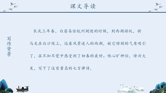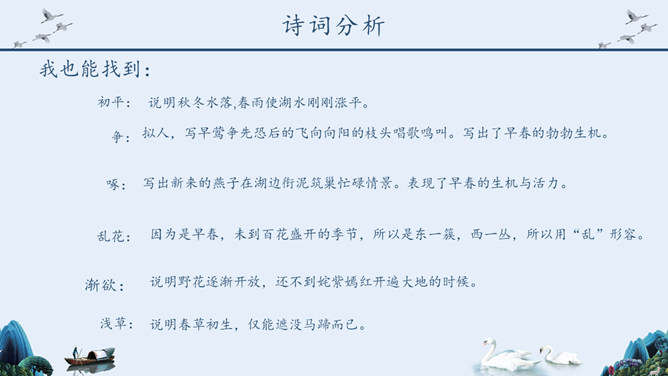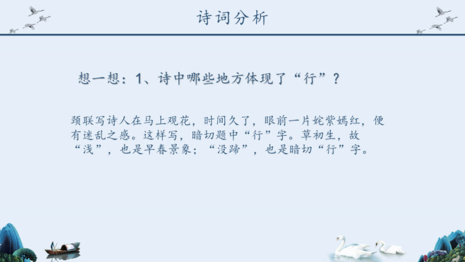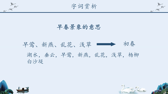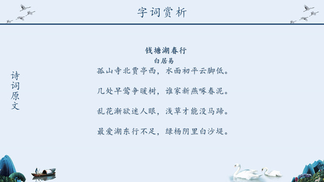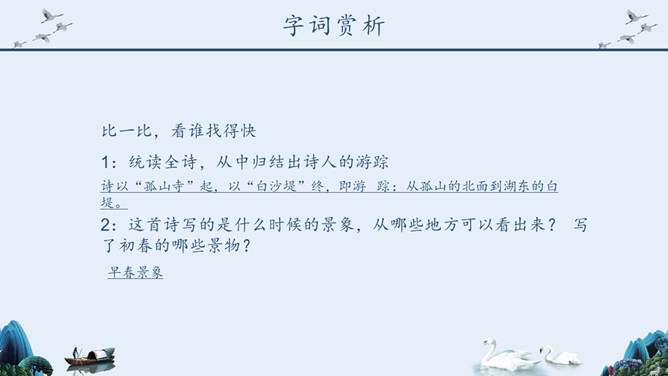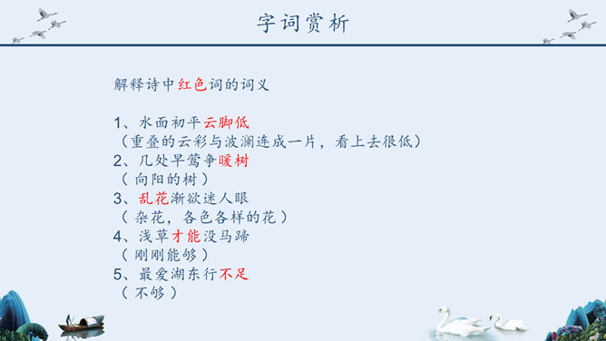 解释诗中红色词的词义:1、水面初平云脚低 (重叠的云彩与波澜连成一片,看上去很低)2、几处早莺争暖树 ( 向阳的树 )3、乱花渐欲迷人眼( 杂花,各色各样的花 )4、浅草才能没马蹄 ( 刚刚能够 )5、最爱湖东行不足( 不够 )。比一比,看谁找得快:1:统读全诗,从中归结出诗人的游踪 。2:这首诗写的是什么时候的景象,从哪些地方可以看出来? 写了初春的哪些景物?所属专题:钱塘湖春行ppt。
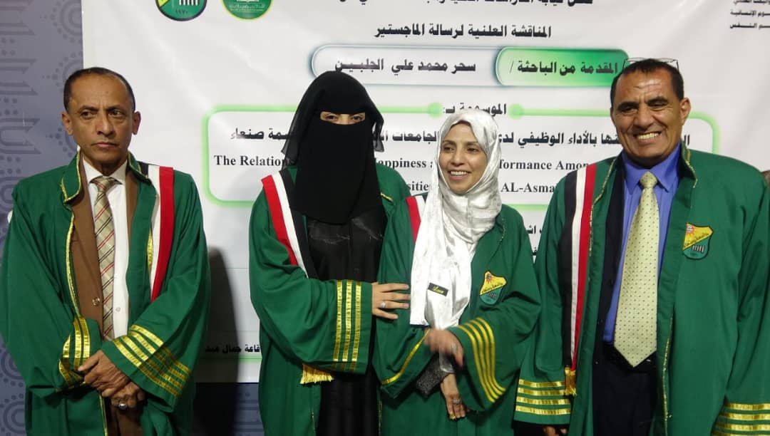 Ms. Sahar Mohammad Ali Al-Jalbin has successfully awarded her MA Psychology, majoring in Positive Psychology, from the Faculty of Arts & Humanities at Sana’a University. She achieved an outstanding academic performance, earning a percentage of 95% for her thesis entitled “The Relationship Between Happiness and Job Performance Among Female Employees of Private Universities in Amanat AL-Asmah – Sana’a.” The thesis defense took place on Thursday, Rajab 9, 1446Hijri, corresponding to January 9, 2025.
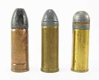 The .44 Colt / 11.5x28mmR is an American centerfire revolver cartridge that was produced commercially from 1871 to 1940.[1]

Exercise objective:
Please output all of the data exactly as given, omitting any images it holds.

Solution to this task:
 解释诗中红色词的词义:1、水面初平云脚低 (重叠的云彩与波澜连成一片,看上去很低)2、几处早莺争暖树 ( 向阳的树 )3、乱花渐欲迷人眼( 杂花,各色各样的花 )4、浅草才能没马蹄 ( 刚刚能够 )5、最爱湖东行不足( 不够 )。比一比,看谁找得快:1:统读全诗,从中归结出诗人的游踪 。2:这首诗写的是什么时候的景象,从哪些地方可以看出来? 写了初春的哪些景物?所属专题:钱塘湖春行ppt。
 Ms. Sahar Mohammad Ali Al-Jalbin has successfully awarded her MA Psychology, majoring in Positive Psychology, from the Faculty of Arts & Humanities at Sana’a University. She achieved an outstanding academic performance, earning a percentage of 95% for her thesis entitled “The Relationship Between Happiness and Job Performance Among Female Employees of Private Universities in Amanat AL-Asmah – Sana’a.” The thesis defense took place on Thursday, Rajab 9, 1446Hijri, corresponding to January 9, 2025.
 The .44 Colt / 11.5x28mmR is an American centerfire revolver cartridge that was produced commercially from 1871 to 1940.[1]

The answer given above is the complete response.